Sweet Potatoes Really Are Disgusting

What's Behind Door Number One

I don’t want this. I don’t want any of this. I didn’t ask for this. I don’t want to eat, but I don’t want to not eat. I don’t want to exercise, but I don’t want to sit on my ass all day. I don’t want to go outside, but I don’t want to stay inside. I don’t want to play any games, but I don’t want to be bored. I don’t want to be miserable, but I don’t want to be happy either.

This is all the illness talking, of course. At least, that’s what they tell me. I’m afraid I might get to a point where I’m no longer mentally ill, but still take no pleasure in the world. I mean, what if I just don’t like being alive? Some people don’t like carrots, and some people don’t like life. Is that a thing? Does that happen? In addition to my aversion to sweet potatoes, do I also have a general loathing for  life?

Get Back Down There, Worm!

Less Than a Worm

I’m at the bottom, and I’m afraid I always will be. It doesn’t matter how hard I work to climb up, I’m always forced back down. I fall, I get up, I climb. I fall, I get up, I climb. A rising and falling tide, a perfect cycle of failure. It’s happened a hundred times too many, I’m afraid. Cynicism and suicidal ideation are my reaction to everything now. I will lay  in this filth until I break, and when that happens I will kill myself.

I’m making excuses for my personal failure in life, yes? I have a defeatist attitude, yes? I deserve everything I get, or don’t get, yes? I’m weak, yes? I’m stupid, yes? I’m worthless. Yes.

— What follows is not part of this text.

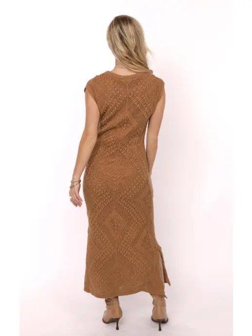 Cozy meets chic in this brown knit dress featuring a darling intricate pattern that turns heads wherever you go. Its long, lined fit offers comfort and warmth without sacrificing style. Perfectly versatile, it’s your go-to for casual days or classy nights out—dress it up or down and embrace effortless elegance with a playful twist.
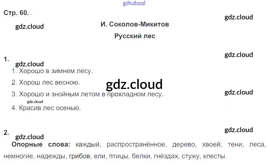 Ответ на задание стр.60 Рабочая тетрадь Литература за 4 (четвертый) класс Кубасова Гармония 2019 Часть 1, 2

I believe I am.

Gourmet Goop

Maybe if We Deep Fry Them

Thinking that someone won’t want to work because they are provided financial assistance is like thinking that people won’t make homemade meals because they can have TV dinners. Sure, a few people will be happy to eat nothing but microwaved mystery meat with a side of goop, but most people will still want home cooked meals. Most people will joyfully pick up those pots and pans, turn on that stove, peel those potatoes, kneed that dough, and savor every moment of the glorious meal they prepared themselves.